Alexandre Carvalho, a 34 year-old tourist from Portugal, said he saw people "in a panic running towards the area with fire extinguishers".

"I believe the injured were mostly tourists, judging by what they were wearing," he said.

Hugo Somersham-Jones, a British man who owns a hotel in Marrakesh, said he was in his home nearby when he heard a noise which sounded like a bomb.

"The whole first floor of this very popular tourist cafe has been totally flattened," he told the BBC.

"We saw a number of limp, lifeless bodies being picked up by brave waiters and no doubt members of the public as well. So it's a pretty chaotic scene.

"My manager saw a lady who had lost an arm.

"On the floor surrounding the cafe out on the street - not just the immediate area outside, but maybe 50m to 75m away - there were footmarks of red blood."


Officials at first said the blast had been caused by a gas canister, which in the absence of piped gas are used on all the stalls in the square.

But they soon pointed the finger at a "criminal act", with suggestions that a suicide bomber could have been to blame.

"Some witnesses said they saw a man carrying a bag entering the cafe before the blast occurred," one woman who declined to give her name told Reuters.

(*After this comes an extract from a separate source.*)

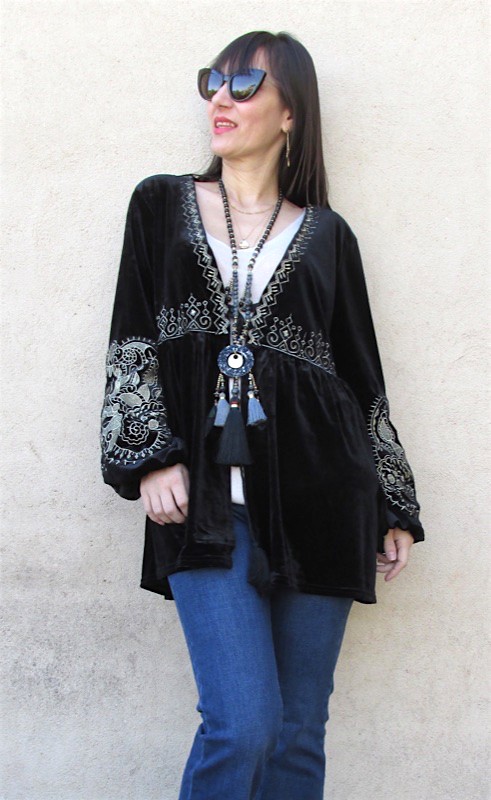 Chaqueta DORIN Terciopelo y Bordados Negro SisiChic

She said the blast had been "massive".

Meanwhile there were fears for what the incident could mean for the future of Morocco, previously seen as a relatively peaceful country.

"You can't find a more emblematic target than Djemaa el-Fna square," a French restaurant owner told Reuters.

"With this attack and amid the worrying unrest in the region, tourism will hit the doldrums for some time."